* [TASK GOAL] Leave out the images; return the rest of the data exactly.

* [RECORDED INFORMATION]
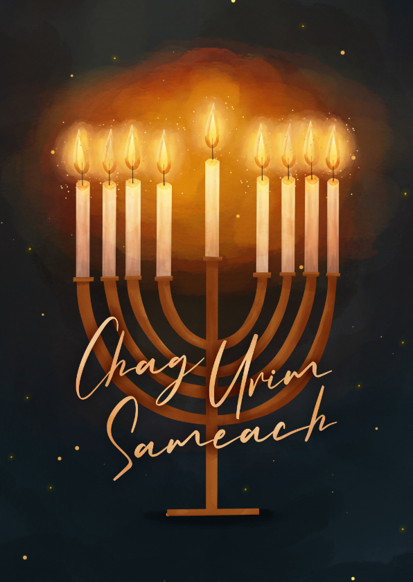 Stilvolle Chanukka-Karte mit 9-armiger Chanukkia und Schriftzug 'Chag Urim Sameach'. Einfach zu gestalten!
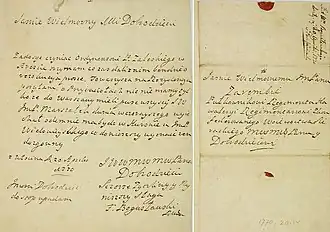 - ↑ J. Dunin-Borkowski i M. Dunin-Wąsowicz, Elektorowie królów Władysława IV., Michała Korybuta, Stanisława Leszczyńskiego i spis stronników Augusta III, [w:] „Rocznik Towarzystwa Heraldycznego we Lwowie”, t. 1, Lwów 1910, s. 12.
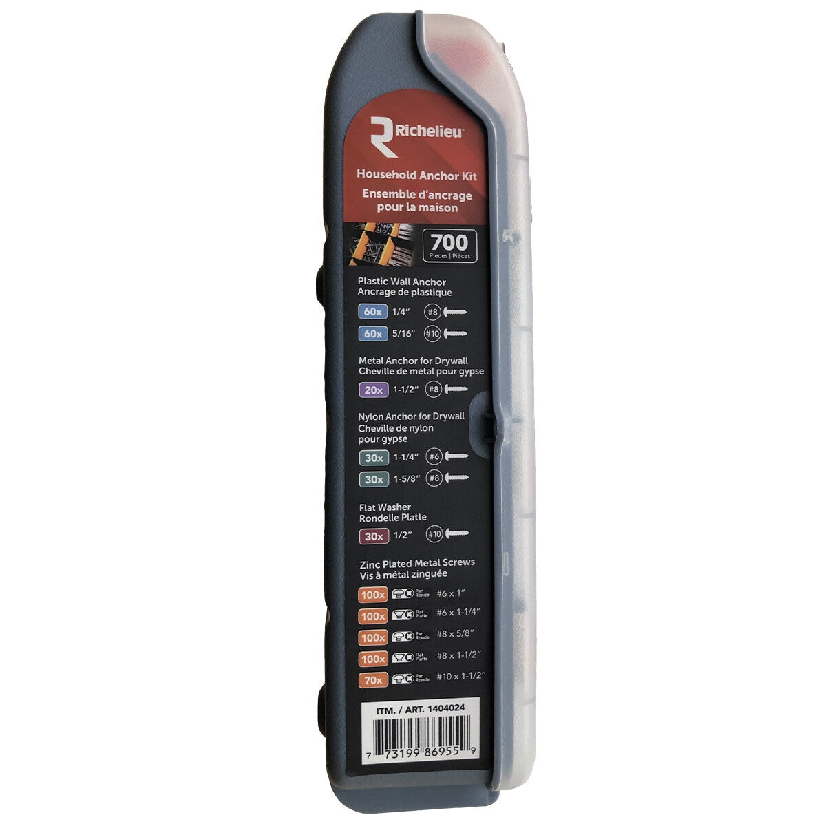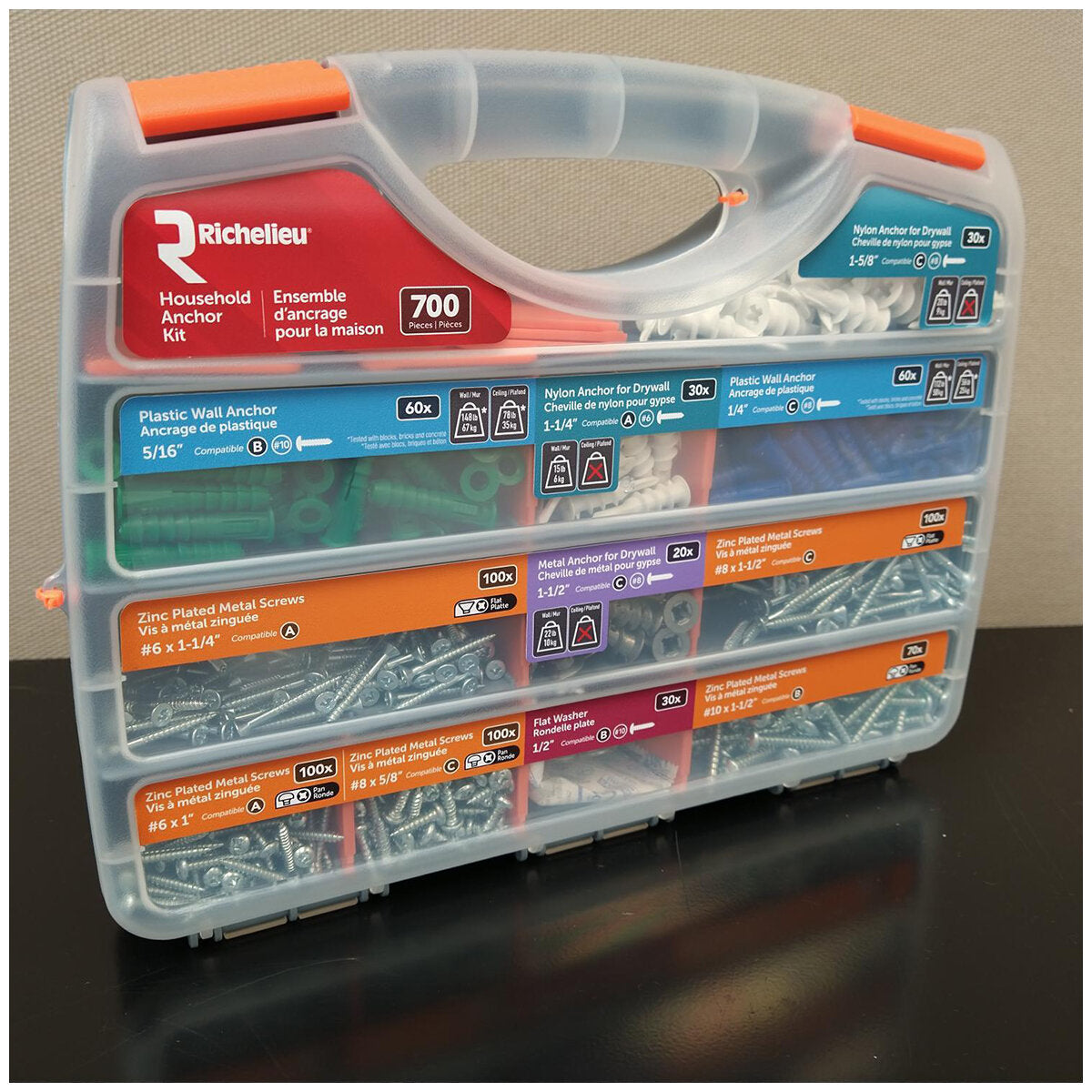 Keep your home repair essentials organized with the Richelieu 700-Piece Household Anchor and Hardware Kit. This comprehensive kit provides a convenient and compact storage solution for all your DIY needs. Perfect for home repairs, crafting projects, or even as a portable first aid or sewing kit.
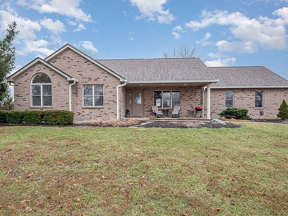 Welcome to your peaceful oasis. This meticulously cared-for three-bedroom, two-bathroom one story living ranch home offers comfortable living space with thoughtful updates throughout. Nestled on a private 2.34-acre lot, this property provides the perfect blend of tranquility and convenience. Vaulted ceilings in the living room, kitchen, and two bedrooms create an open and airy feel. The eat-in kitchen features newer appliances, along with updated countertops and a stylish backsplash. Relax and enjoy sunsets on the front porch or the beautifully landscaped rear patio. The oversized two-car garage offers ample storage and an extended driveway provides plenty of parking. Major systems are in excellent condition, with a roof that will be two years old in August, newer propane heat pump and AC, and a five-year-old septic system that will be pumped prior to sale. A large, unfinished basement offers plenty of storage and additonal possibilities. With 2.34 acres of peaceful surroundings, modern comforts, and a history of meticulous care, this home is truly move-in ready. Schedule your showing today!

* [OUTPUT OF THE TASK]
 Stilvolle Chanukka-Karte mit 9-armiger Chanukkia und Schriftzug 'Chag Urim Sameach'. Einfach zu gestalten!
 - ↑ J. Dunin-Borkowski i M. Dunin-Wąsowicz, Elektorowie królów Władysława IV., Michała Korybuta, Stanisława Leszczyńskiego i spis stronników Augusta III, [w:] „Rocznik Towarzystwa Heraldycznego we Lwowie”, t. 1, Lwów 1910, s. 12.
 Keep your home repair essentials organized with the Richelieu 700-Piece Household Anchor and Hardware Kit. This comprehensive kit provides a convenient and compact storage solution for all your DIY needs. Perfect for home repairs, crafting projects, or even as a portable first aid or sewing kit.
 Welcome to your peaceful oasis. This meticulously cared-for three-bedroom, two-bathroom one story living ranch home offers comfortable living space with thoughtful updates throughout. Nestled on a private 2.34-acre lot, this property provides the perfect blend of tranquility and convenience. Vaulted ceilings in the living room, kitchen, and two bedrooms create an open and airy feel. The eat-in kitchen features newer appliances, along with updated countertops and a stylish backsplash. Relax and enjoy sunsets on the front porch or the beautifully landscaped rear patio. The oversized two-car garage offers ample storage and an extended driveway provides plenty of parking. Major systems are in excellent condition, with a roof that will be two years old in August, newer propane heat pump and AC, and a five-year-old septic system that will be pumped prior to sale. A large, unfinished basement offers plenty of storage and additonal possibilities. With 2.34 acres of peaceful surroundings, modern comforts, and a history of meticulous care, this home is truly move-in ready. Schedule your showing today!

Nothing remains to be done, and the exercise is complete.